Sense of Wonder: Favorite Nightmares from Elm Street

Welcome to Cinefantastique’s first mini-blog-a-thon. With the remake of A NIGHTMARE ON ELM STREET currently in theatres, now is a good time to take a retrospective look back at  some of our favorite Freddy moments from the old films. Although the 1984 original was born during the slasher era, the franchise had much more going for it than yet another iconic killer of teens: the dreamscape of its premise opened up the gates for some wildly imaginative imagery that touched a primal, shuddery chord in the spine of trembling viewers. You could never completely trust what you were seeing – literally anything could happen – and frequently it did, usually with terrifying results for the on-screen victims. To assist in this little nostalgic exercise, I’ve asked several of our Cinefantastique staff to contribute their own favorite Freddy moments of various shapes and sizes, which you can find linked at the bottom. I’ll kick things off with my list of personal favorites in the various films.


The original film remains the most satisfying overall, filled with so many good moments that it is hard to pick just one. I like the classroom scene wherein the quotation from Shakespeare, which references bad dreams, precipitates a nightmare. The vision of a previous victim in a body bag is not merely startling but deeply unnerving. The Freddy tongue in the phone is simple but shocking. The gloved hand rising from beneath the bath water is a stand-out. Freddy Krueger’s silhouette pressing through a wall above a sleeping victim is a wonderfully literal visualization of the “rubber reality” of the dream world (a scene horribly botched by CGI execution in the remake). But by far the most spectacular scene is the death of Johnny Depp’s character, dragged down into a bed, from which erupts a geyser of blood. The scene is way, way over the top, not just gory but delirious – one of the great scenes in any horror film. (Check out the video at top.)


My favorite scene here is rather low-key, involving neither special effects nor Freddy himself. It comes when Nancy (Heather Langenkamp, returning after sitting out Part 2) talks her superior at a psychiatric hospital into prescribing a controversial new dream-suppressing drug to her troubled teen-age patients. As important as Krueger is to the ELM STREET movies, equally important is the generation gap between his victims and their parents, who are reluctant or unwilling to accept the danger faced by the teens. Nancy, somewhere in between the two age groups, goes to bat for her patients, putting her own professional reputation on the line: for once, an authority figure takes the danger seriously, instead of dismissing it. The scene also raises an interesting question about psychiatry: does having suffered from a particular problem disqualify you from trying to cure it in others, or does it give you a special insight and sympathy for your patients that makes you more qualified than other doctors?

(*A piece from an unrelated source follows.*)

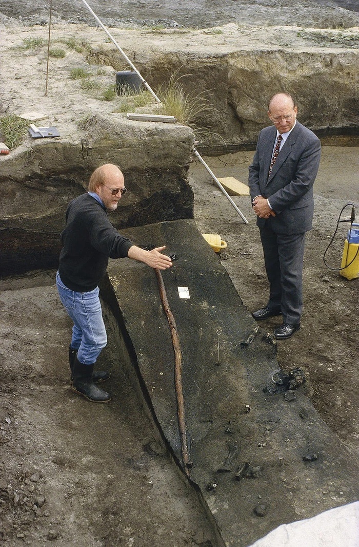 Археолог Хартмут Тиме объясняет директору управления угольных шахт Брауншвейга Клаусу Фридриху историю нахождения копья номер VI (1997)

As the supposed finale to Freddy’s inglorious career of murder and mayhem, this cannot live up to what it promises, but I do enjoy Johnny Depp’s cameo spoof of the “This is your brain on drugs” public service announcements, in which an egg is identified as “your brain,” which is then cracked and fried as a way of illustrating the negative effects of recreational drug use. After Depp concludes the illustration by asking, “Any questions,” Freddy (showing more good sense than usual, whacks him over the head with the frying pan and replies, “Yeah, what are you on? It looks like some eggs in a pan to me.” I also enjoy the moment that deliberately seeks to break the fourth wall between audience and on-screen characters, when Lisa Zane dons her glasses in the dream world and tells viewers in the theatre to do the same. This is to set up the final-reel 3D-enhanced smack-down of Freddy; although the 3D itself was mediocre at best, the brief sense of following the protagonist’s lead lent an air of active participation in the film.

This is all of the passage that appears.